INSTRUCTIONS FOR THE TASK: Pictures stay out; everything else in the records below gets copied exactly.

DATA SHOWN:
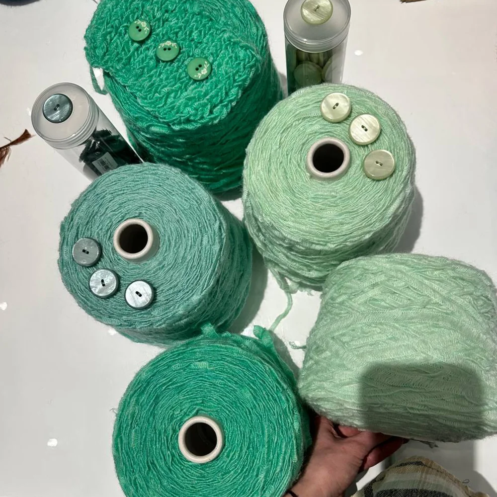 Tulle — это вспушенный кидмохер с фактурой вуали, собранный на стабилизирующую нейлоновую нить. Аналогичная пряжа используется в коллекциях люксовых брендов, включая Loro Piana.
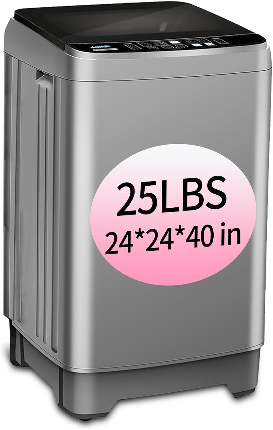 Full Automatic Washing Machine with LED Display, 25 lbs Portable Washer Drain Pump, 10 Programs & 8 Water Levels Selections, Ideal for RV, Camping, Apartment, Dorm, Dark Grey
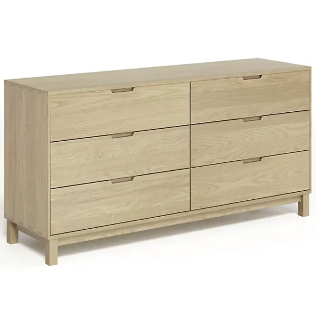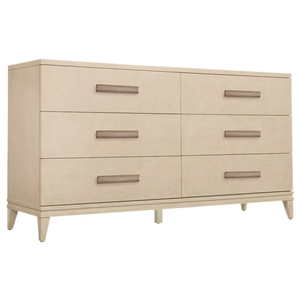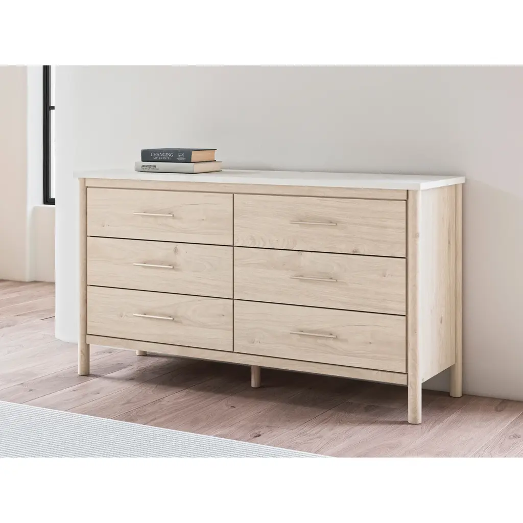 A casual contemporary design with a smooth, light finish and white marble top. 6 Drawers feature smooth side roller glides and champagne colored finished handles. - Product Details provided by Manufacturer, Slumberland not responsible for errors in information.
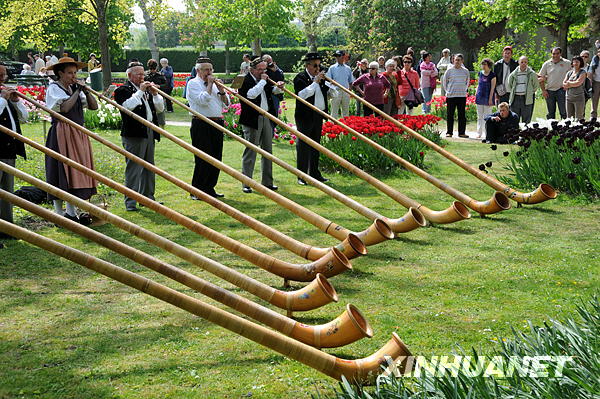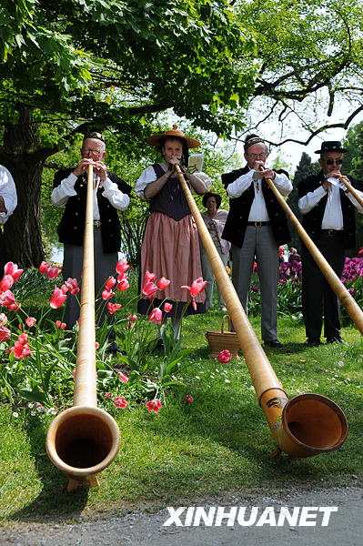 这是在瑞士莫尔日市举办的郁金香节上进行的阿尔卑斯长号表演(2009年5月3日摄)。新华社记者杨京德
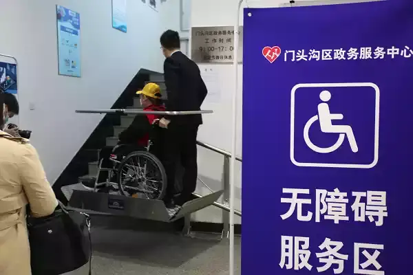 乘坐輪椅的肢體殘疾人體驗(yàn)政務(wù)服務(wù)中心無障礙升降設(shè)備椅(央廣網(wǎng)發(fā) 北京市殘聯(lián)供圖)
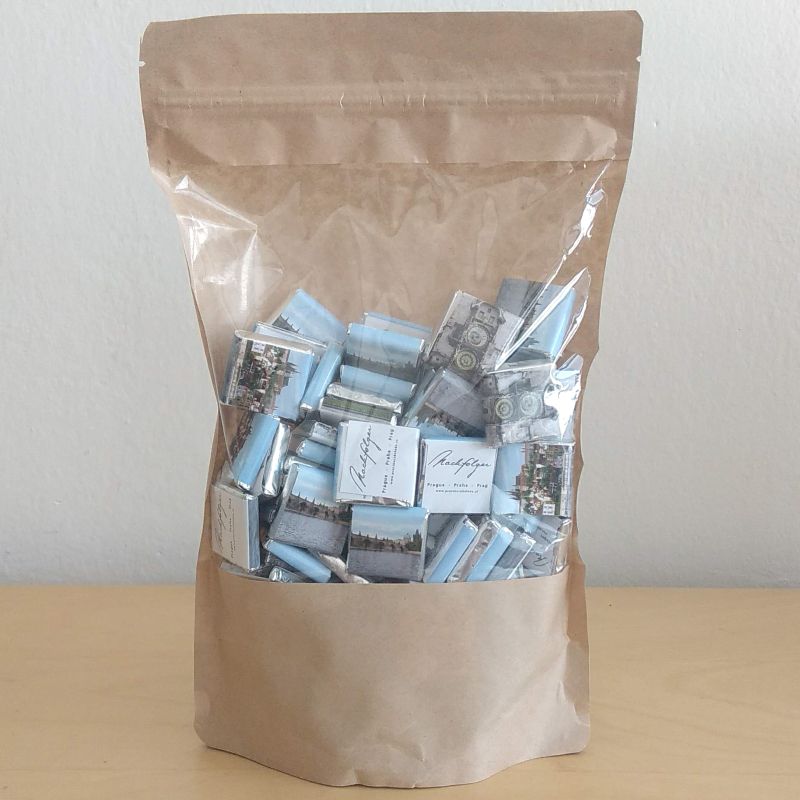 Čokoládové miniaturky z kvalitní mléčné 32% čokolády od Pražské čokolády.
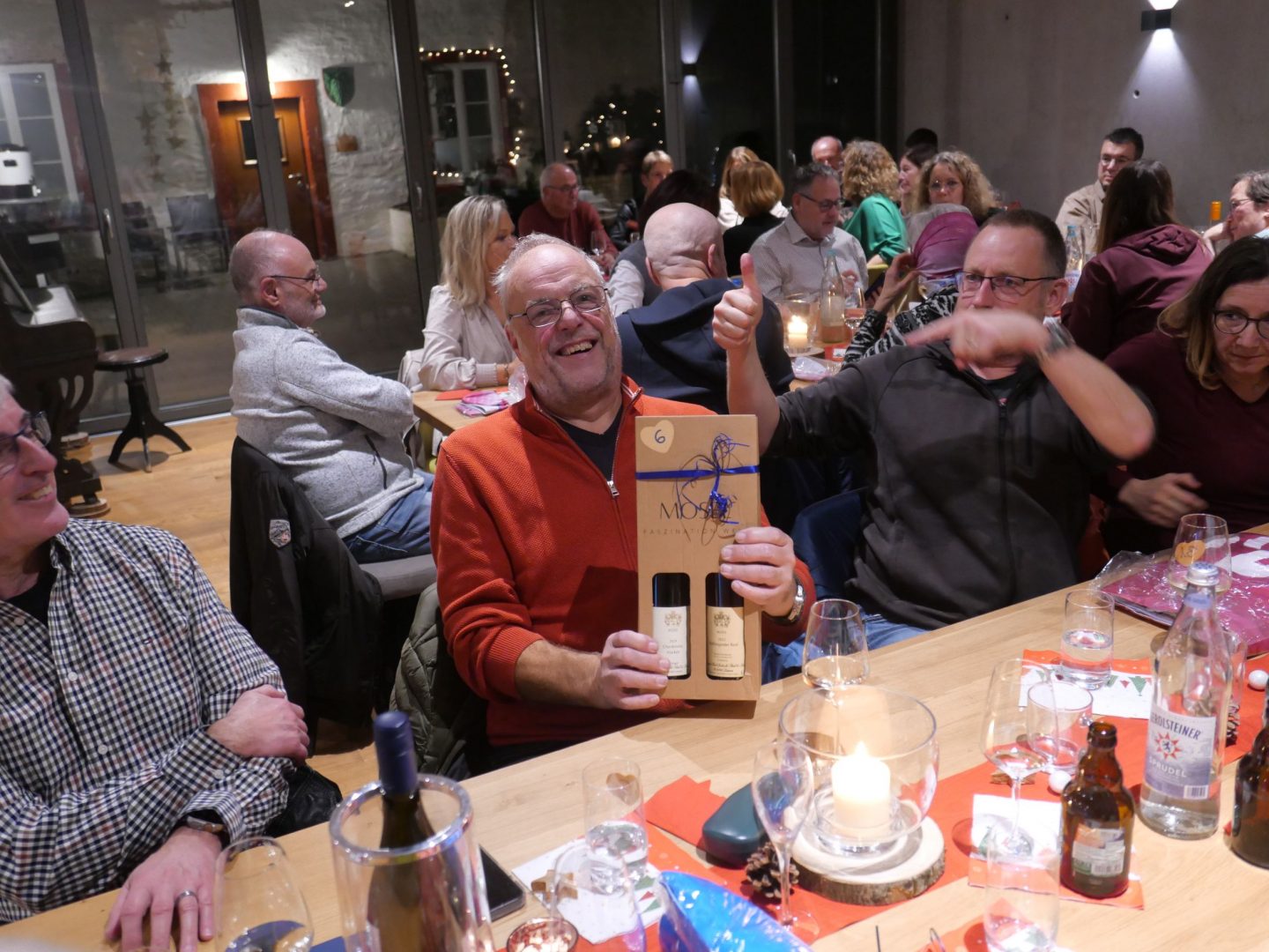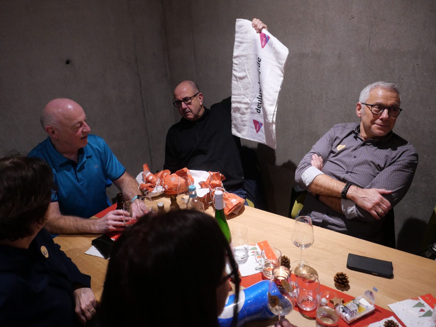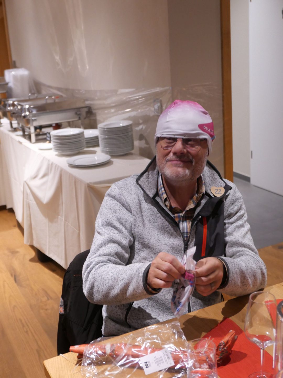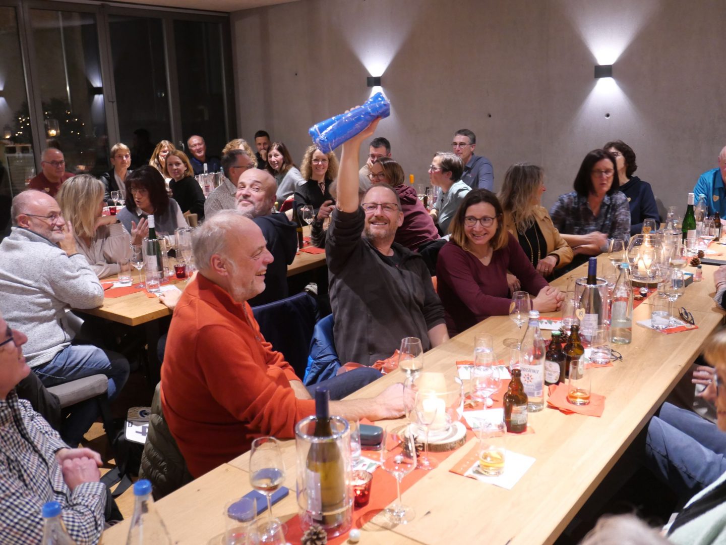 In der Weinstube ging es mit leckerem Essen vom lokalen Caterer und einer ausgesprochen überzeugenden Weinauswahl weiter. Höhepunkt des Abends war wie immer die Bescherung aus dem prall gefüllten Merchandising-Fundus – von Badetüchern über Badeöle bis hin zu Laufmützen und Buffs war alles dabei.
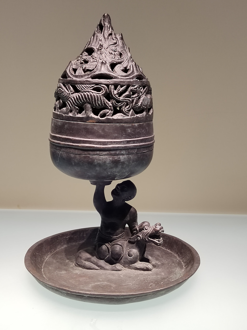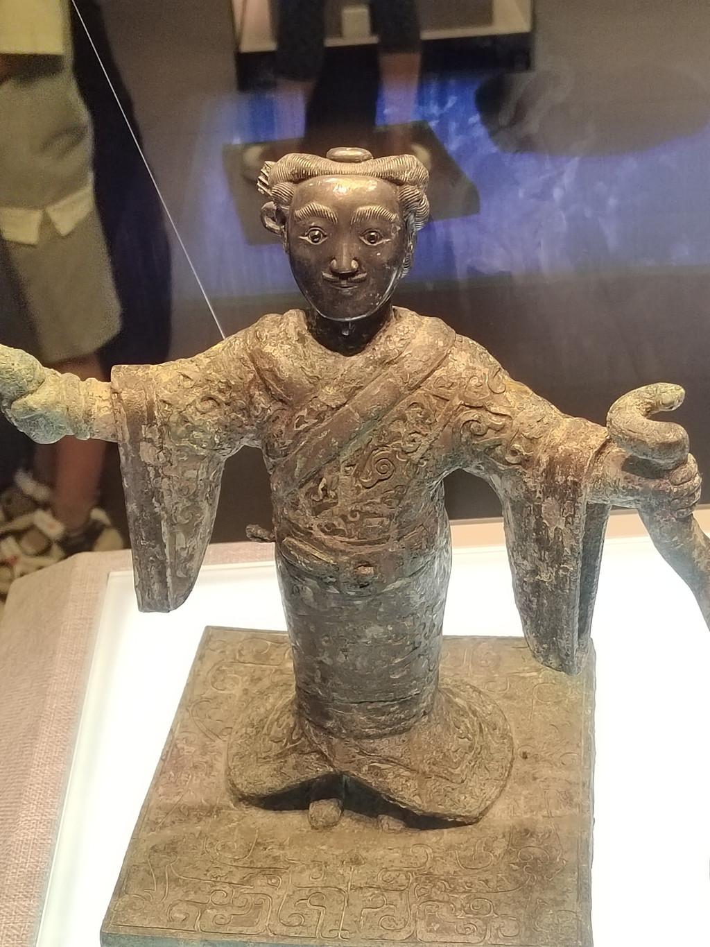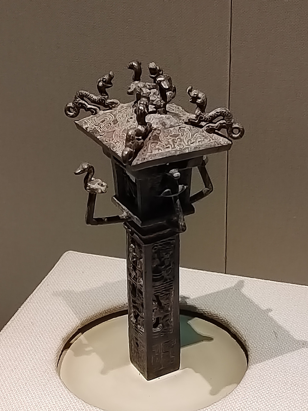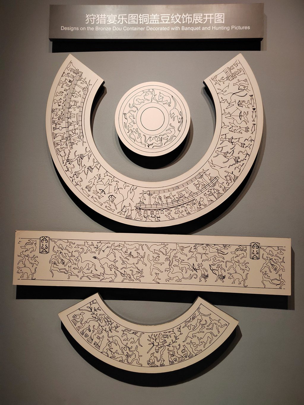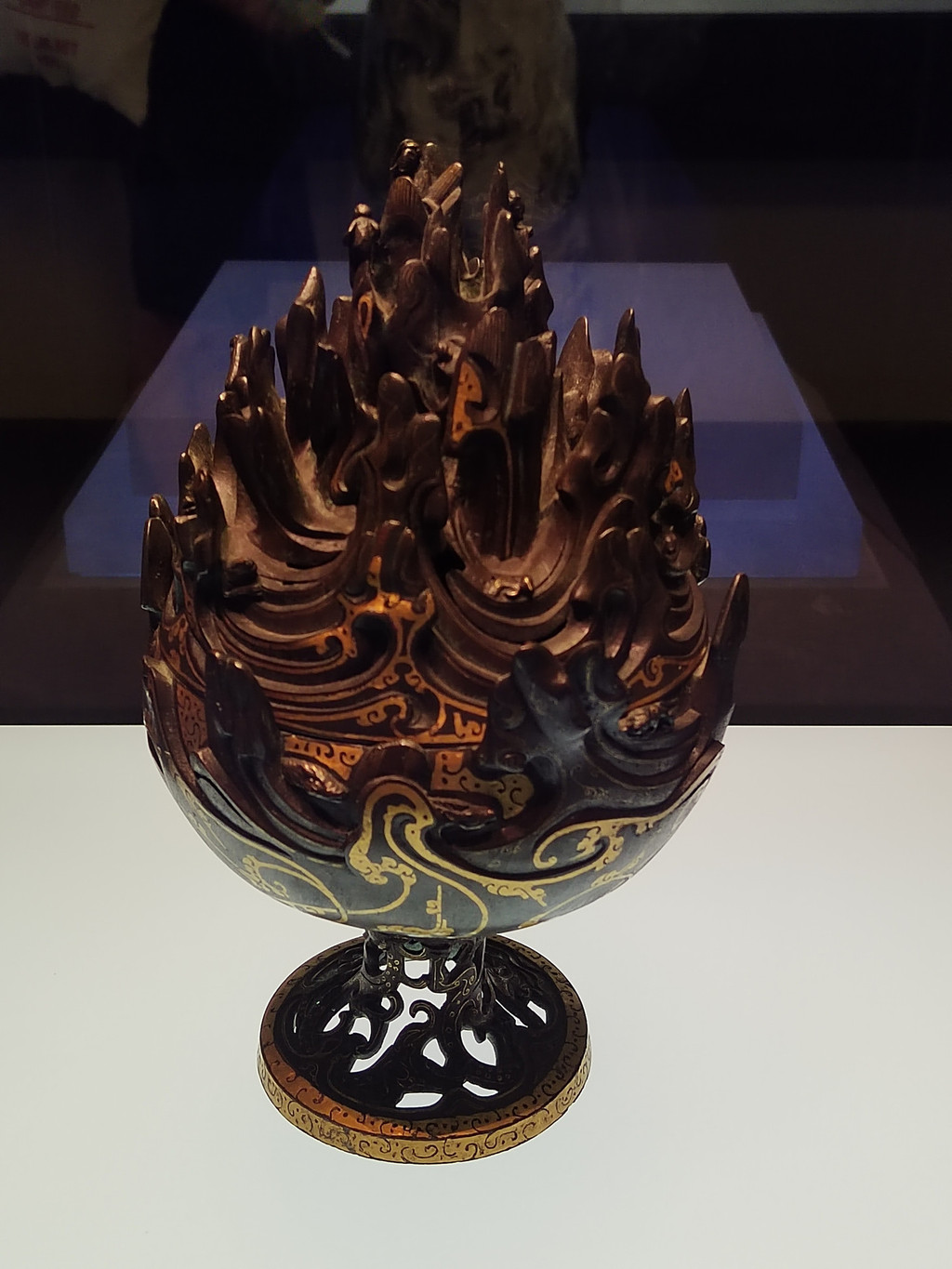 战国时期,燕赵之间其实夹着一个中山国,只不过灭国较早所以不常被提起。中山国的王室宝藏单元展示了几位中山王墓中出土的精美器物,其中中山王铁足大铜鼎有51.5厘米高,腹径65.8厘米,是其九鼎中的首鼎,外壁刻有铭文77行469字,是目前我国发现最大、铭文字数最多的铁足铜鼎。错金银四龙四凤铜方案座带有些少数民族的艺术风格,案面已无踪迹,案座结构稳定舒展,龙飞凤舞、姿态优美。还有一件错金银虎噬鹿的屏风座,形态生动,把老虎的凶猛和小鹿的柔弱表现得淋漓尽致。看了这些宝物,那消失在岁月长河里的中山国在我们心中立体了起来。

REPLY:
 Tulle — это вспушенный кидмохер с фактурой вуали, собранный на стабилизирующую нейлоновую нить. Аналогичная пряжа используется в коллекциях люксовых брендов, включая Loro Piana.
 Full Automatic Washing Machine with LED Display, 25 lbs Portable Washer Drain Pump, 10 Programs & 8 Water Levels Selections, Ideal for RV, Camping, Apartment, Dorm, Dark Grey
 A casual contemporary design with a smooth, light finish and white marble top. 6 Drawers feature smooth side roller glides and champagne colored finished handles. - Product Details provided by Manufacturer, Slumberland not responsible for errors in information.
 这是在瑞士莫尔日市举办的郁金香节上进行的阿尔卑斯长号表演(2009年5月3日摄)。新华社记者杨京德
 乘坐輪椅的肢體殘疾人體驗(yàn)政務(wù)服務(wù)中心無障礙升降設(shè)備椅(央廣網(wǎng)發(fā) 北京市殘聯(lián)供圖)
 Čokoládové miniaturky z kvalitní mléčné 32% čokolády od Pražské čokolády.
 In der Weinstube ging es mit leckerem Essen vom lokalen Caterer und einer ausgesprochen überzeugenden Weinauswahl weiter. Höhepunkt des Abends war wie immer die Bescherung aus dem prall gefüllten Merchandising-Fundus – von Badetüchern über Badeöle bis hin zu Laufmützen und Buffs war alles dabei.
 战国时期,燕赵之间其实夹着一个中山国,只不过灭国较早所以不常被提起。中山国的王室宝藏单元展示了几位中山王墓中出土的精美器物,其中中山王铁足大铜鼎有51.5厘米高,腹径65.8厘米,是其九鼎中的首鼎,外壁刻有铭文77行469字,是目前我国发现最大、铭文字数最多的铁足铜鼎。错金银四龙四凤铜方案座带有些少数民族的艺术风格,案面已无踪迹,案座结构稳定舒展,龙飞凤舞、姿态优美。还有一件错金银虎噬鹿的屏风座,形态生动,把老虎的凶猛和小鹿的柔弱表现得淋漓尽致。看了这些宝物,那消失在岁月长河里的中山国在我们心中立体了起来。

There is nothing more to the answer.